The proposed Senate voting change will hurt Australian democracy
More than two centuries ago, the great conservative philosopher and politician Edmund Burke famously characterised parliament as being properly a “deliberative assembly”.
Today we can unpack deliberation to see that it requires two things: justification and reflection. Justification is the ability to make arguments on behalf of positions and policies. Reflection is the ability to listen to those arguments and be open to persuasion by them.
Australia’s federal parliament is today composed almost entirely of people who are good at justification but terrible at reflection. It is not a deliberative assembly in Burke’s sense, rather a theatre of expression where politicians from different sides talk past each other in mostly ritual performance. Party politicians do not listen, do not reflect and do not change their minds.
A true ‘house of review’?
If we were looking for reflection in Australia’s system, the one place we ought to find it is the Senate. Traditionally, upper houses were supposed to be “houses of review” that could control the excesses to which lower houses might be prone.
The proper division of labour would then be a bit like a jury trial, where we have justification or advocacy confined to one chamber – the courtroom, where lawyers argue cases for their clients – and reflection in another chamber – the jury room. We do not let the advocates enter the jury room.
Unfortunately the Australian parliament today has two chambers of justification and no chamber of reflection. And the government’s proposed changes to the way Australians elect their senators will only worsen this reality.
The shining exceptions to this generalisation about lack of reflection come in the form of some of the senators who found their way into the Senate at the 2013 election through the existing system, which makes it possible for individuals to be elected without any of the major parties sponsoring them.
I am thinking especially of the Motoring Enthusiast Party’s Ricky Muir, though perhaps Palmer United Party-turned-independent Glenn Lazarus can sometimes show a hint of some of the same virtue.
Muir does exactly what a senator should. He approaches issues with few preconceived positions, listens to the arguments on different sides, then makes up his mind on how to vote. Except for issues involving cars, it is hard to predict how he will vote based on the party he was elected to represent.
Muir makes up his mind based on how he thinks the proposed policy will affect ordinary Australians like himself. It is his very ordinariness that makes him such a good senator. On the former Abbott government’s proposed deregulation of universities, he said:
What should I tell my children when they ask me why the government wants to deregulate the sector which could put universities out of reach for millions of ordinary Australians?

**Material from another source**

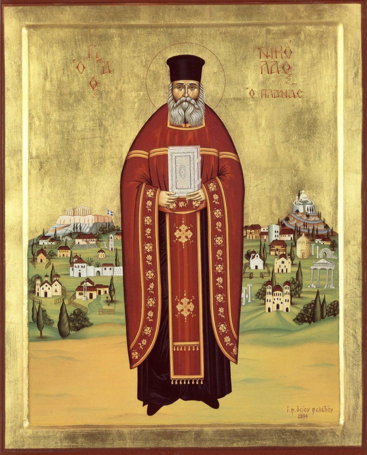 ΠΡΟΤΥΠΟ ΙΕΡΕΩΣ: Για πενήντα συνεχόμενα χρόνια, ο Άγιος λειτουργούσε καθημερινά από τις 8 το πρωί έως και τις 3 το μεσημέρι! Ήταν ανεπανάληπτες οι λειτουργίες του Αγίου. Ο ίδιος αγαπούσε τα μικρά ξωκλήσια τής Αθήνας, τα οποία καθημερινά επισκεπτόταν για να τελέσει το ευλογημένο καθήκον του. Τις Κυριακές και τις μεγάλες γιορτές παρέμενε στο ναό του, συχνά όμως πήγαινε στο εκκλησάκι του Προφήτου Ελισσαίου, στην οδό Άρεως στην Πλάκα, για αγρυπνίες. Ήταν οι πιο κατανυκτικές αγρυπνίες του Αγίου και όλο το εκκλησίασμα αισθανόταν την ευλογία. Σ’ αυτές τις συχνές αγρυπνίες στο ψαλτήρι στεκόντουσαν πάντα οι δυο κορυφαίοι λογοτέχνες, ο Αλέξανδρος Παπαδιαμάντης [περιγράφει ο άγιος των Γραμμάτων συχνά στα έργα του τις θείες εκείνες εμπειρίες] και ο Αλέξανδρος Μωραϊτίδης, που αγαπούσαν πολύ τον άγιο ιερέα και τον βοηθούσαν με το ψάλσιμό τους. Ο Άγιος Νικόλαος υπήρξε ο άνθρωπος του Θεού, ο λειτουργός ο άγιος του Υψίστου, ο άοκνος ιερουργός και λάτρης του Τριαδικού Θεού. Η μεγάλη του ευλάβεια, η απεριόριστη καλΟσύνη του, η υπερβολική του αφιλοχρηματία, η απλότητά του, το ακτινοβόλο ιερατικό του ήθος, η άφθαστη ιεροπρέπειά του, η ταπείνωσή του, η αγάπη του για την Θεία Λατρεία και οι λοιπές του αρετές, τον καταξίωσαν στη συνείδηση του λαού. Δεν αγάπησε ποτέ του τα πλούτη. Η ζωή του Αγίου ήταν απλή, όπως ήταν απλός σαν παιδί και ο ίδιος. Νήστευε αυστηρά, προσευχόταν συνεχώς, με όλη τη δύναμη της ψυχής του, αγαπούσε χωρίς διάκριση όλους και ποτέ του δεν κρατούσε χρήματα. Όσα και να του έδιναν από μόνοι τους διάφοροι άνθρωποι, ο Άγιος τα σταύρωνε και πηγαίνοντας στα στενά σοκάκια και στις φτωχογειτονιές μοίραζε επιδόματα ανάγκης σε ανήμπορες νεαρές κοπέλες, σε φτωχές χήρες γυναίκες, σε άπορους σπουδαστές και σε νεαρά ζευγάρια για τα πρώτα τους έξοδα. Υπήρξε Άνθρωπος προσευχής, του οποίου η ζωή ήταν μια διακονία πίστεως και αγάπης. Ήταν νηστευτής. Νήστευε όλες τις Σαρακοστές και το λάδι. Και την νηστεία του Τιμίου Σταυρού την άρχιζε από την 1η Σεπτεμβρίου, μέχρι την 14η . Επίσης και των Ταξιαρχών νήστευσε από τη 1η μέχρι και την 8η Νοεμβρίου. Απλός και πανέξυπνος, εύστοχος στις απαντήσεις του, συνδίαζε την απλότητα και την ιεροπρέπεια, την αφέλεια με την αγιότητα. Δεν είχε σπουδάσει σε Πανεπιστήμια, ούτε σε Εκκλησιαστικές Σχολές, ούτε σε Λύκεια και Γυμνάσια. Και ίσως να μη φοίτησε και σε καμία τάξη του τότε Ελληνικού Σχολείου. Όμως άριστα κατείχε την σοφία του Θεού. Το παρουσιαστικό του συγκλόνιζε τούς πάντες. Η λαμπερή διαπεραστική ματιά του γαλήνευε όσους ήταν κοντά του. Η απλοϊκή ομιλία του συγκινούσε ακόμα και τους πιο μορφωμένους επιστήμονες. Αν και ήταν ψευδός, και πολλές φορές τα λόγια του ακούγονταν αστεία, ποτέ κανένας δεν γελούσε. Αντίθετα μάλιστα. Τα δακρυσμένα μάτια όλων μαρτυρούσαν πόσο πολύ τα λόγια του μιλούσαν στις ψυχές τους. Σαν τον αντίκριζαν να περπατάει στο δρόμο οι γυναίκες έκαναν με ευλάβεια το σταυρό τους, οι άνδρες έκοβαν το βήμα τους για να προσπεράσει, οι αμαξάδες σταματούσαν την πορεία τους και κατέβαιναν και τα μικρά παιδιά έτρεχαν να …

When Muir entered parliament, journalists would make fun of the fact that he was not very articulate or knowledgeable, though eventually he found his voice. But that is irrelevant. His proper task is reflection, not justification.
More career politicians
When selecting a jury, we insist that its members have no prior commitments on the case they are hearing.
When we elect a Senate, we should do the same – but not when it comes to the House of Representatives. That is where we can and should vote for people based on their prior commitments and known partisanship.
In this light, Australia’s political system would be better off with more ordinary people and fewer career party politicians in the Senate. The Senate would thus be more representative of ordinary Australians, not less.
If a quirky electoral system with an element of randomness can sometimes promote this possibility, so much the better. When thinking about reform, we should try to identify ways to strengthen the role of ordinary people in our democracy.
What we will get instead, if the changes being pushed by an unholy alliance of the Coalition and the Greens are adopted, is exactly the opposite.
Paul Keating once memorably described the Senate as “unrepresentative swill”. The proposed reform will ensure the Senate is composed almost exclusively of career politicians, who are unrepresentative in the sense that they do not reflect the social composition of Australia, and also ensure that one of the last vestiges of reflection is purged from our parliamentary system.
This is a sad day for deliberation and for democracy. Edmund Burke will surely be turning in his grave.